Velocity Vector Fields: Differentiating a Vector Function to Scalar

[dyn]

Hi. Given a one-parameter family of maps such as
Φ_t : ( x , y ) → ( xe^t + 2e^t -2 , ye^2t ) the velocity vector field at t=0 is given by d(Φ_t)/dt = (x+2) ∂/∂x + 2y ∂/∂y
My question is ; how does differentiating a vector function Φ_t with respect to t result in a scalar function ? Thanks

 

[Orodruin]

My question is ; how does differentiating a vector function Φt with respect to t result in a scalar function ?

It doesn't.

 

[BiGyElLoWhAt]

How do you go from $\frac{d}{dt}[(xe^t + 2e^t - 2)\hat{x} + (ye^{2t})\hat{y}]$ to what you have?

 

[Orodruin]

How do you go from $\frac{d}{dt}[(xe^t + 2e^t - 2)\hat{x} + (ye^{2t})\hat{y}]$ to what you have?

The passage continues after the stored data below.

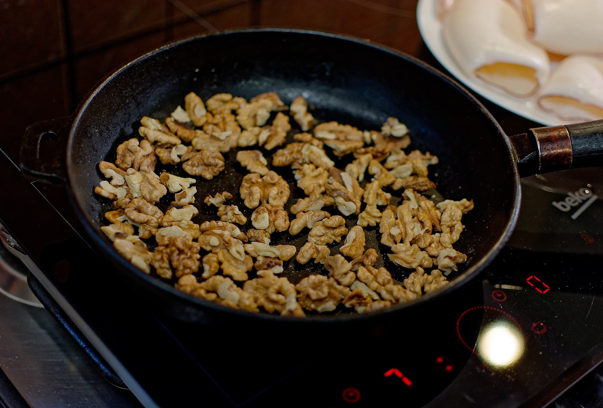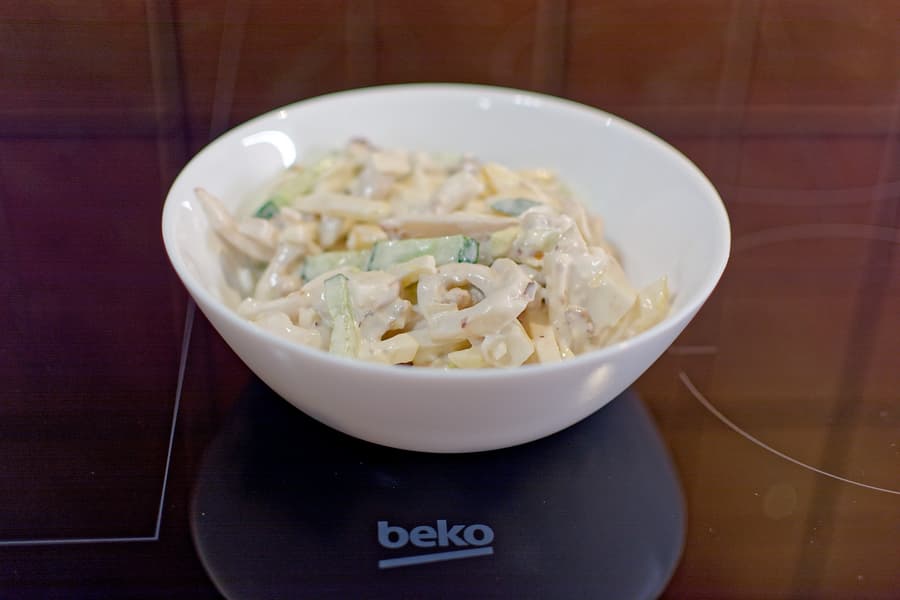 Дальше мы почистили яйца, нарезали соломкой их и кальмары, яблоко, огурец и корень сельдерея, а также нарезанные грецкие орехи, которые предварительно обжарили на одном из малых режимов.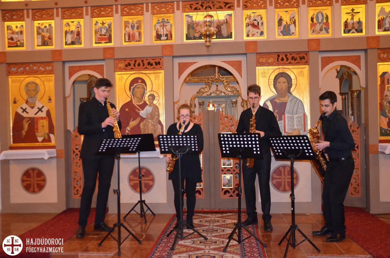A Kodály Zoltán Zeneművészeti Szakgimnázium szaxofon kvartettje, Bencze Mátéval az élen. Páratlan zenei élményt nyújtottak.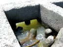 この導流堤は下部が開いていて海水が透過する構造になっている。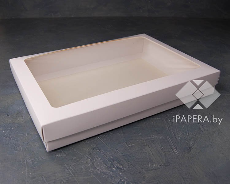 Коробка «Белая с окном» 35*25*5 см (белое дно)

The derivative is evaluated at $t = 0$. The tangent vector basis is $\partial_x$ and $\partial_y$.

 

[BiGyElLoWhAt]

Ahh. The basis was what I was missing. I suppose that makes sense, maybe. I would think that we would be looking at $\frac{\partial \hat{x}}{\partial t}|_{t=0}$ and $\frac{\partial \hat{y}}{\partial t}|_{t=0}$, however.
Not trying to hijack the thread.
**I think I see the error of my ways, now.**

 

[dyn]

It doesn't.

The function Φ _t takes 2 coordinates ( x , y ) into 2 different coordinates. I would think this makes them vectors while the velocity vector field doesn't look like a vector.

 

[Orodruin]

The function Φ _t takes 2 coordinates ( x , y ) into 2 different coordinates. I would think this makes them vectors while the velocity vector field doesn't look like a vector.

Yes it does. Remember that the tangent vector basis is $\partial_\mu$.

 

[dyn]

So the original function is a vector with 2 components ? And the velocity vector field is a vector with one component ?

 

[Orodruin]

So the original function is a vector with 2 components ? And the velocity vector field is a vector with one component ?

No, both have two components. It is just a different way of writing it as a linear combination of the basis instead of a collection of components.